On the evening of the second stage we passed through wheat-fields, recently re-captured from the enemy, still strewn with Australia’s unburied dead. Here troops were busily at work gathering in the harvest of the trampled grain. We realised then that it was not our blood alone, willingly as it was shed, that would restore peace and happiness to the world, but the thrift that could satisfy man’s bitter cry for bread.

How many marches did we make? How often did we rest? I cannot remember now. What happened is all a blur. We crawled across a devastated land through a fog of moonlight, dawns and sunsets. We gave and obeyed orders mechanically. Our perceptions were dulled; we were mad for sleep. As soon as our eyes closed, the relentless word would go round to harness up and move on, always to move on; but to what were we marching?

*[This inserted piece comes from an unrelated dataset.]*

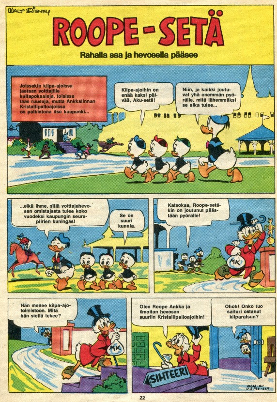 Roope-Setä Rahalla saa ja hevosella pääsee 1/3 sivuja: 10/24 US 66 (1966) The Heedless Horseman Uusinta: Aku Ankan Toivesarjat 1978

It seemed as though all the world were dead and we were the only fighters left. Though the light failed and one could scarcely see his hand before his face, we knew by the heavy staleness in the air that we were traversing interminable grave-yards, where villages, trees, men and horses lay shallowly beneath the swollen sod. And yet we knew that there were other fighters besides ourselves. How the rumour reached us I cannot tell, but we were aware that the Americans were massing before St. Mihiel, and that they were piled up in their thousands behind Yprhs. Long after the graciousness of sleep had come to us, they would tramp in their millions above our quiet beds; we should feel the pressure of their heels upon our foreheads and should know that they were carrying on our work. It didn’t matter what happened to us; the work of victory would go on just the same. The Hun would not triumph. We should not have spent our youth in vain. In this knowledge, despite our weariness, we were glad.

I have a curious feeling that on those long night-marches I held conversations with men, with whom I certainly scarcely exchanged a word. At all events, though I did not speak to them, I knew what was happening inside their heads. Perhaps it was that we had all become abnormal with the strain and developed a mental telepathy which communicated thoughts without the fatigue of words. As we moved through the darkness it was as though each brain was a little lighted house, behind whose windows shadows came and went. I knew, for instance, what Trottot was thinking. He was brooding over his failure to disprove his reputation for being yellow. He was resentful of his sergeant who had kept him back at the wagon-lines whenever the shell-fire was intense up front. He was hungering for the chance to do something so reckless that everyone would have to vote him brave enough to be lead-driver of the gun. I knew what the Major was thinking: at the head of the column he was thinking unceasingly of Suzette. And Heming, bringing up the rear with the transport, he was thinking of two women and hoping that the next fight would be his last.

Sometimes I had the odd sensation that there were many more marching with the battery than would ever again answer the roll-call. I was riding at the head of my section half asleep about midnight, when a horseman came up at the gallop and reined in beside me. I expected to hear him deliver some message; instead he dropped into a walk at my side. His steel helmet shadowed his face. I was too weary to speak unnecessarily and took him for one of my sergeants. Perhaps I drowsed; when I again noticed him the moon was coning out from under cloud. Then I saw that he was wearing an officer’s uniform. That piqued me into wakefulness. I leant forward to get a closer glimpse of his features. As I did so, he flung his horse back on its haunches, wheeled to the left and vanished in the dark. During the brief space while I gazed on him, I recognized Tubby Grain.